Tentatives de louange livre les ultimes poèmes d'
Henri Bauchau, écrits en 2010 et 2011. Disparu en 2012 quasi-centenaire, il revisite le sel de la vie. Si l'homme est désormais fragile, atteint par l'affaiblissement naturel des sens à cet âge, il se montre encore d'une lucidité remarquable. le titre du recueil nous dit me semble-t-il deux choses importantes : la louange, c'est l'hommage de l'homme de spiritualité, du croyant, au Seigneur auquel il s'adresse beaucoup dans ces textes. Mais l'agnostique (que je suis) peut être tout aussi sensible à ces pages, tant elles célèbrent le miracle de la vie quand il s'agit d'en goûter les plaisirs quotidiens, le soleil, la nature s'incarnant dans les arbres, les oiseaux, etc, mais aussi le plaisir de sentir son corps et ses muscles vibrer, par exemple en skiant, ce que ce belge semblait particulièrement apprécier. C'est aussi une louange pleine de ferveur au travail d'écriture, à la langue, et à l'art comme la peinture. Louange à l'amour, bien sûr aussi.

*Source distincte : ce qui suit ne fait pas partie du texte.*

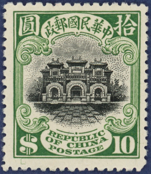 £4,000.00| /China 1913 (May) $10 black and green 'Entrance, Hall of Classics, Peking', London printing, SG286. A very fine and fresh mint example with large pa...
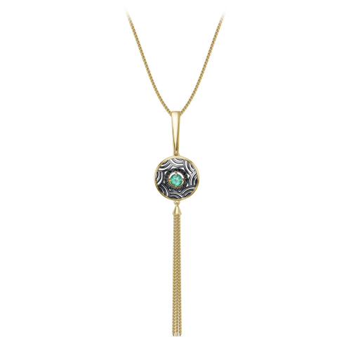 Колье из серебра 925 пробы, с применением технологии золочения и родирования, украшены натуральными изумрудами и черными фианитами
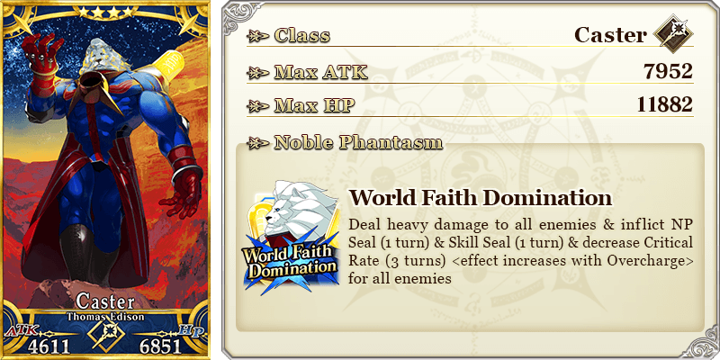 ★5 Osakabehime (Assassin) ★5 Jinako Carigiri (Great Stone Statue God) ★4 Nursery Rhyme ★4 Thomas Edison |
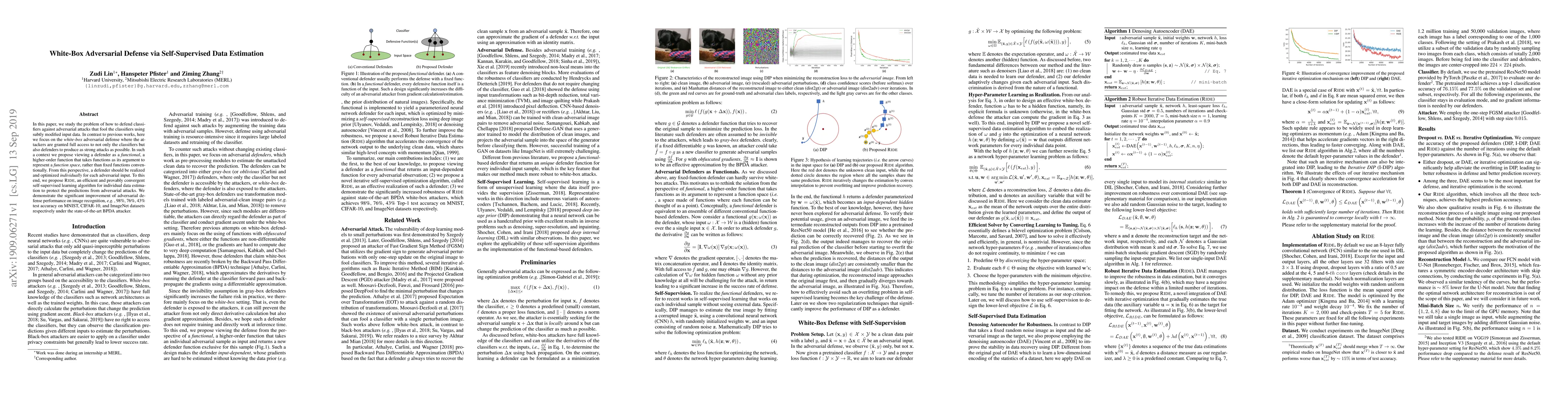In this paper, we study the problem of how to defend classifiers against adversarial attacks that fool the classifiers using subtly modified input data. In contrast to previous works, here we focus on the white-box adversarial defense where the attackers are granted full access to not only the classifiers but also defenders to produce as strong attacks as possible. In such a context we propose viewing a defender as a functional, a higher-order function that takes functions as its argument to represent a function space, rather than fixed functions conventionally. From this perspective, a defender should be realized and optimized individually for each adversarial input. To this end, we propose RIDE, an efficient and provably convergent self-supervised learning algorithm for individual data estimation to protect the predictions from adversarial attacks. We demonstrate the significant improvement of adversarial defense performance on image recognition, eg, 98%, 76%, 43% test accuracy on MNIST, CIFAR-10, and ImageNet datasets respectively under the state-of-the-art BPDA attacker.
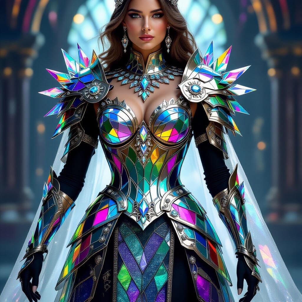 This image depicts a fantasy queen in ornate armor resembling a glass dress, featuring iridescent panes, crystal details, and stained glass patterns. Dramatic lighting highlights its reflective surfaces.
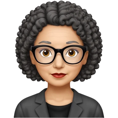 50 years old woman, curly hair, brown eyes and rectangle glasses emoji | AI Emoji Generator
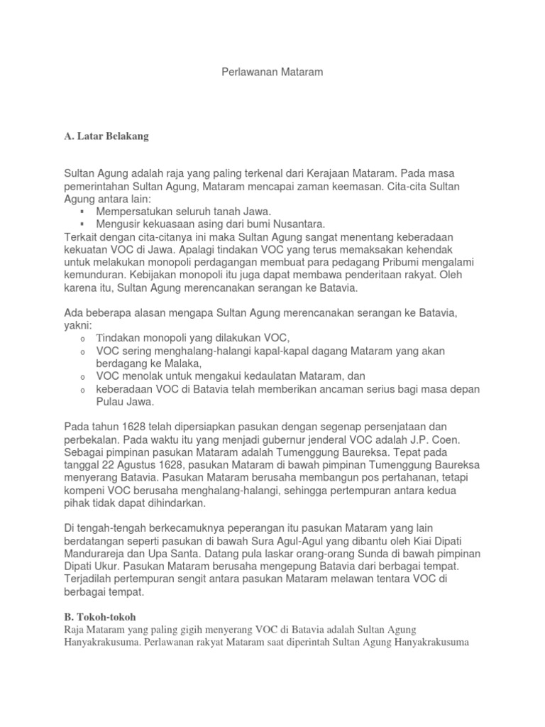 sejarah.docx - Perlawanan Mataram A Latar Belakang Sultan Agung adalah raja yang paling terkenal dari Kerajaan Mataram Pada masa pemerintahan Sultan | Course Hero

Mais le titre est nuancé du mot "Tentatives" : ces poèmes m'ont fait penser à de petits messages lâchés comme autant de ballons pour que la mémoire subsiste, que d'autres prennent le relais, mais emprunts d'une grande humilité devant le mystère de l'existence...car là-dessus, l'auteur qui a pourtant vécu si longtemps avoue encore son ignorance.
Ce recueil du très grand âge force le respect, alliant luminosité et réalisme, il vient couronner la carrière et la vie, les deux étant mêlés jusqu'au dernier souffle de cet immense écrivain, discret et finalement peu connu du grand public.